Document Properties for running SW on EMR 5.32
Description
When launching emr-5.32.0 with Spark 2.4.7 and using SW 3.30.1.2-1-2.4, only cluster size of 1 is formed (cannot get more executors).
Attempted settings:
unset SPARK_HOME
export SPARK_HOME
Having EMR Cores = 2 or 3
Adding additional conf: --conf "spark.ext.h2o.client.ignore.SPARK_PUBLIC_DNS=true" --conf "spark.scheduler.minRegisteredResourcesRatio=1"
This includes config settings:
Cluster scaling is off
Classification=spark-defaults and spark.dynamicAllocation.enabled=false
Launched SW:
```
bin/sparkling-shell --num-executors 2 --executor-memory 2g --master yarn --deploy-mode client --conf "spark.dynamicAllocation.enabled=false" --conf "spark.ext.h2o.client.ignore.SPARK_PUBLIC_DNS=true" --conf "spark.scheduler.minRegisteredResourcesRatio=1"
```
Launching spark/pyspark (no SW) gives 2 executors
There is no issue when using emr-5.22.0
Activity
Thanks for following the thread, I expected to be notified about an reply by email but it seems this doesn’t work.
Ok, I will try the recommended settings and add it to documentation as a part of this ticket.
Response on the forum ticket from Jonathan@AWS:
This is a performance optimization feature of emr-5.32.0, where Spark/YARN on EMR will now consolidate container requests into a fewer number of larger containers. Executor memory/cores will be a multiple of spark.executor.memory/cores. Generally, using a smaller number of larger executors will be more performant than a larger number of smaller executors, so this is now the behavior that is performed by default.
If for some reason you need to disable this behavior, you may do so by setting spark.yarn.heterogeneousExecutors.enabled=false. Alternatively, you may set spark.executor.maxMemory/maxCores to values lower than Int.MaxValue, if you want to cap the memory/cores that will be used for each executor. (That is, you can set specific maxMemory/maxCores values without fully disabling the feature.) Note that these are EMR-specific properties and will not be found in Apache Spark documentation.
Since this is not documented, we may need to document it ourselves for our users. It would be helpful is AWS was more transparent (especially with every future EMR release)

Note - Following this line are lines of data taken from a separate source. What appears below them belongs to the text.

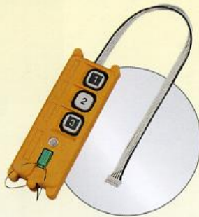
· 拷貝機(複製另一組發射/接收機)
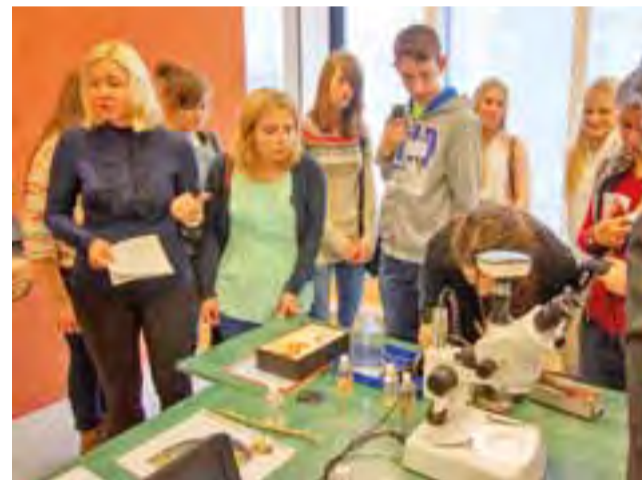
Podczas pobytu w Estonii w ramach Comeniusa dotyczącego wpływu gatunków inwazyjnych, uczestnicy projektu brali też udział w zajęciach laboratoryjnych oglądając rośliny i zwierzęta pod mikroskopem.

w którym uczestniczą, dotyczy gatunków inwazyjnych w laboratoryjnym centrum uczniowie oglądali preparaty roślin i zwie-
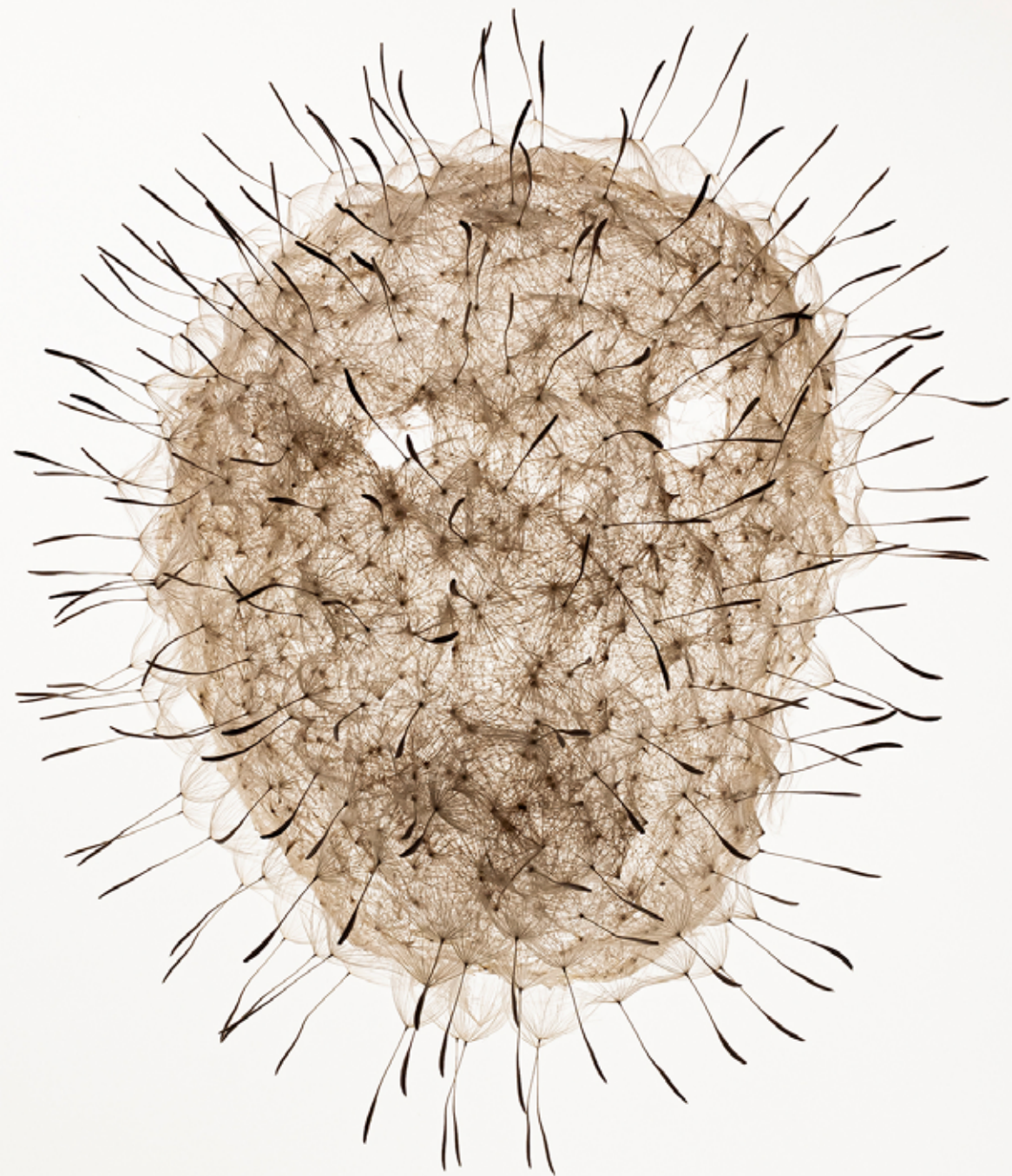
série Tichý poutník, 2024, kombinovaná technika, lepené pampeliškové semínko series Calm Wanderer, 2024, mixed technique, glued dandelion seed

A forum ticket: https://forums.aws.amazon.com/thread.jspa?threadID=332806
I see. Maybe it can be posted on the discussion forum. https://forums.aws.amazon.com/index.jspa
I got it from the Resolution page: https://aws.amazon.com/premiumsupport/knowledge-center/send-feedback-aws/
That’s a good idea, but do you know a way how to report it? If I go to the AWS support center to open a case, it tells me: Technical support is unavailable under Basic Support Plan.